• [Prompt] Copy out each line from the material where the word "Magdalena" is found.

• [Recorded information]
+--
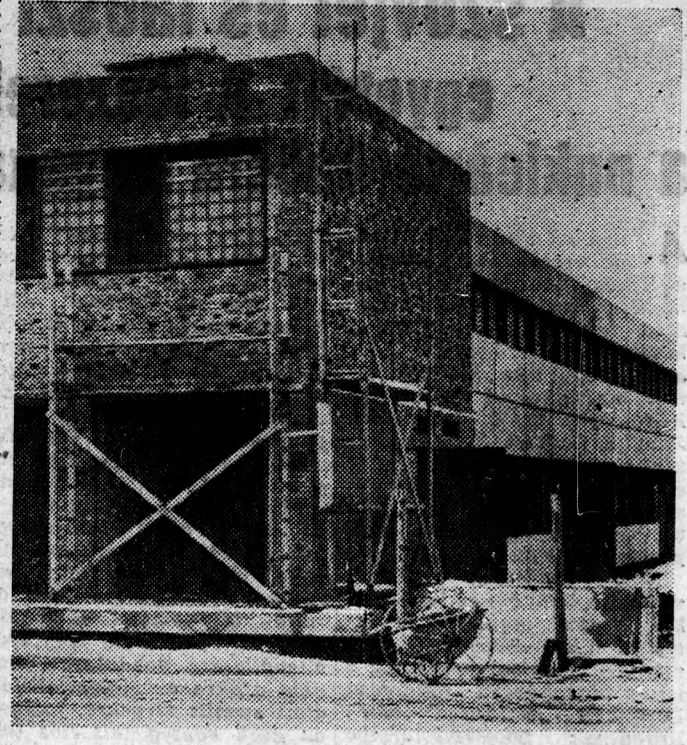
Épül Debrecenben az új orvosi-műszer-gyár. A képen a tetőalát került „melegszerelde” látható, ahol a munka ez év nyarán megindul

Az ország többi vízügyi igazgatóságának körzetében nincs közvetlen veszély, de folytatják az előkészületeket, hogy ne érhesse őket váratlanul a gyors olvadás. (MTI)
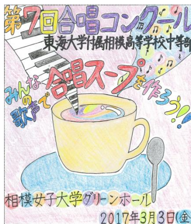
合唱コンクールポスターコンテスト
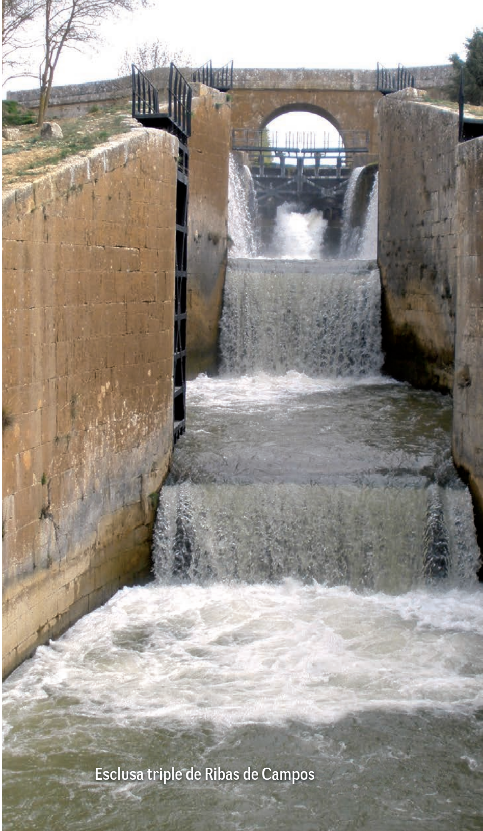
Esclusa triple de Ribas de Campos
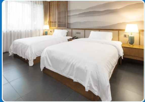
👤👤 TWIN (TWN)
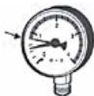
Manometerinställning vid max arbetstryck
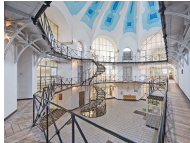
Zentral: Panoptisches System – Justizvollzugsanstalt Münster. Blick durch die Zentrale in Richtung Flügel IV, 2010.

Aktuelle Außen- und Innenaufnahmen zeigen das Prinzip der Anlage: Strahlenförmige Zelltrakte mit Panoptikum zur Beobachtung der Insassen.
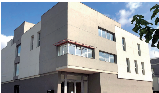
Edificio social de Santa Magdalena.

La localidad de Santa Magdalena, según ha avanzado el
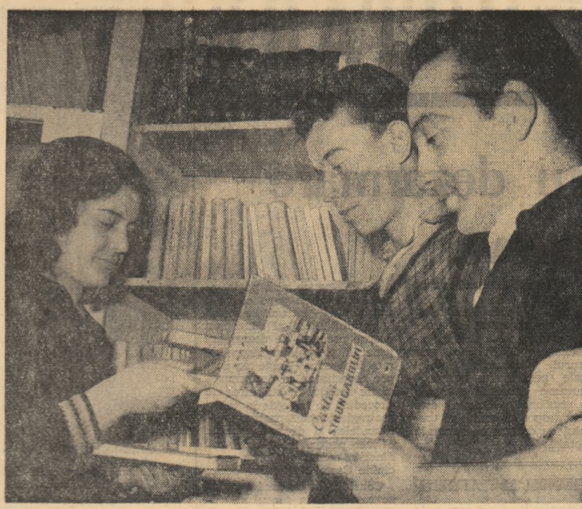
La biblioteca tehnică a Uzinei „Independența” din Sibiu.
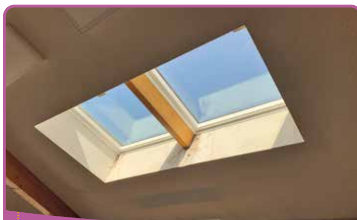
✿ Changement des velux

Les agents du service technique ont également fabriqué des meubles de rangement sur mesure.
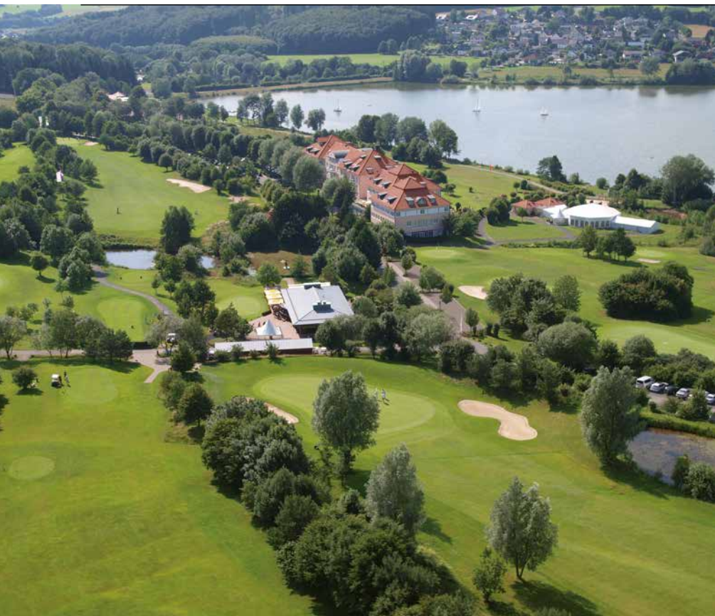
► DE GEVARIEERDE PARK/BOSBAAN VAN WIESENSEE IS GOED VOOR TWEE SPECTACULAIRE RONDEN GOLF.

halverwege Koblenz en Frankfurt am Main. De historie van het oude landgoed gaat terug tot 1692. In 1995 werd deze voormalige boerenhoeve overgenomen door de familie Hankammer (eigenaar van de Brita waterfiltratieproducten), verbouwd tot een wellnesshotel en onlangs uitgebreid met een bijzondere golfbaan. Dat had overigens veel voeten in de aarde. Zo ligt het gebied midden in de overblijfselen van de Limes Germanicus, een eeuwenoude Romeinse verdedigingslinie. De overblijfselen mochten bij de bouw uiteraard niet worden aangetast. Leuk detail: het hotel huisvest een klein, maar leerzaam museum en op aanvraag zijn er rondleidingen mogelijk. Verder verbieden lokale wetten dat er in deze omgeving grondwater wordt opgepompt. Baanarchitect Christian Althaus moest zodoende een acht kilometer lange waterleiding laten aanleggen. Uit praktische overwegingen zijn alle vijvers daarom met elkaar verbonden. Ze worden net als de rest van de baan van water voorzien door een irrigatiesysteem, dat wordt aangestuurd vanuit een verzonken bunker naast de zeventiende hole. Hofgut Georgenthal ligt fraai in een klein dal, waardoor het komvormige geheel een compacte indruk maakt en het gevoel geeft van een stadion course. Daarnaast zien we karakteristieken die bij een typische linkscourse horen: veel glooiingen, een taai soort helmgras vlak naast de fairways en een overdaad aan bunkers. In de
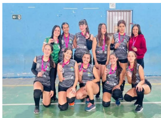
Vôlei módulo II – 3º lugar
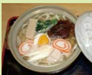
鍋焼うどん 800円 (⑱森食堂)
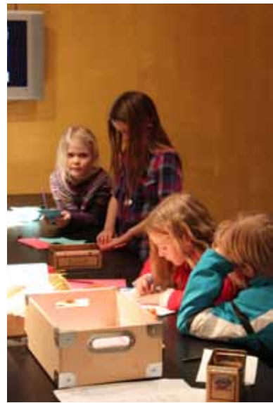
Smiðja fyrir fjölskyldur á Kjarvalsstöðum.
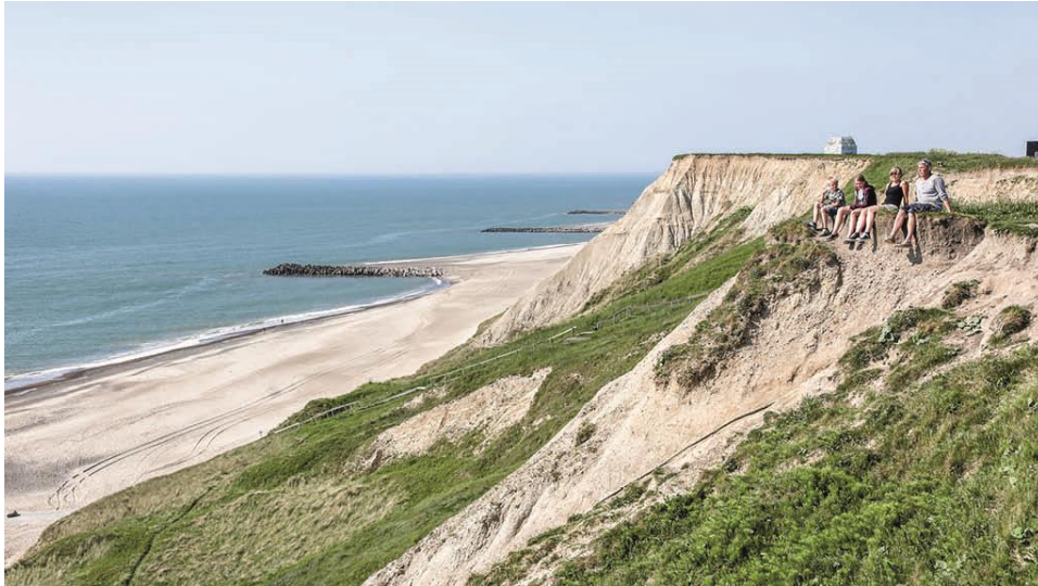
Slika 7. Geopark Zapadni Jylland

broju radnih mjesta. Važno je napomenuti da primarni sektor sa šumarstvom, poljoprivredom i ribarstvom zapošljava 7% -14% radne snage, što je mnogo više od nacionalnog prosjeka od 4% za ovaj sektor (UNESCO, 2023).
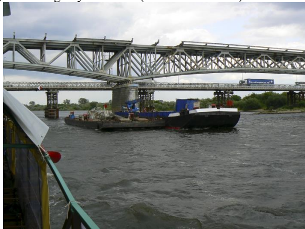
b) most drogowy Chełmno (w czasie remontu)
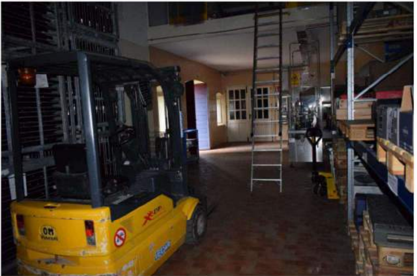
CONFEZIONAMENTO VINO E MAGAZZINO
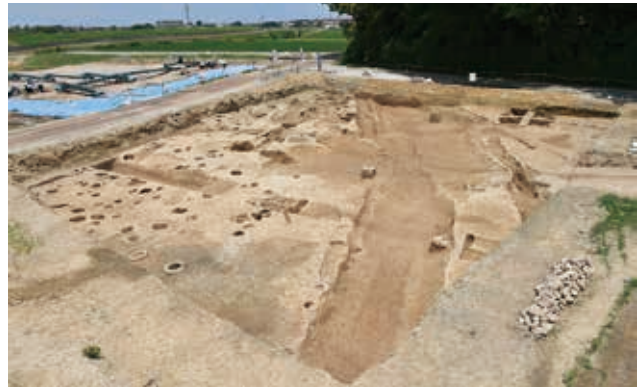
東側の調査区完掘状況（南東から）
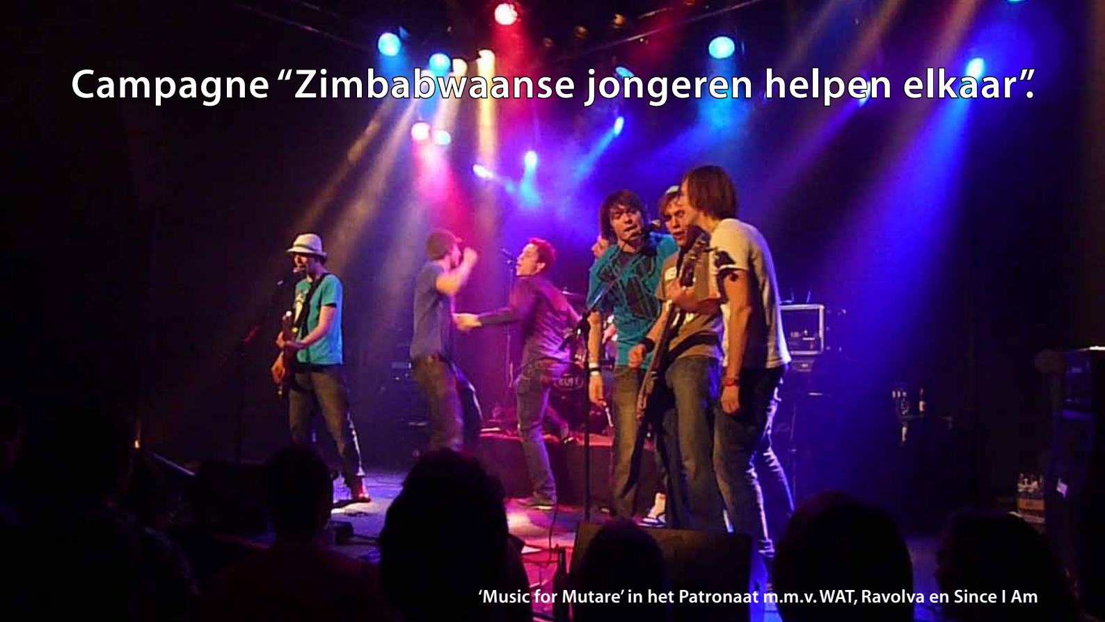
'Music for Mutare' in het Patronaat m.m.v. WAT, Ravolva en Since I Am
+--
• [Response]
Edificio social de Santa Magdalena.
La localidad de Santa Magdalena, según ha avanzado el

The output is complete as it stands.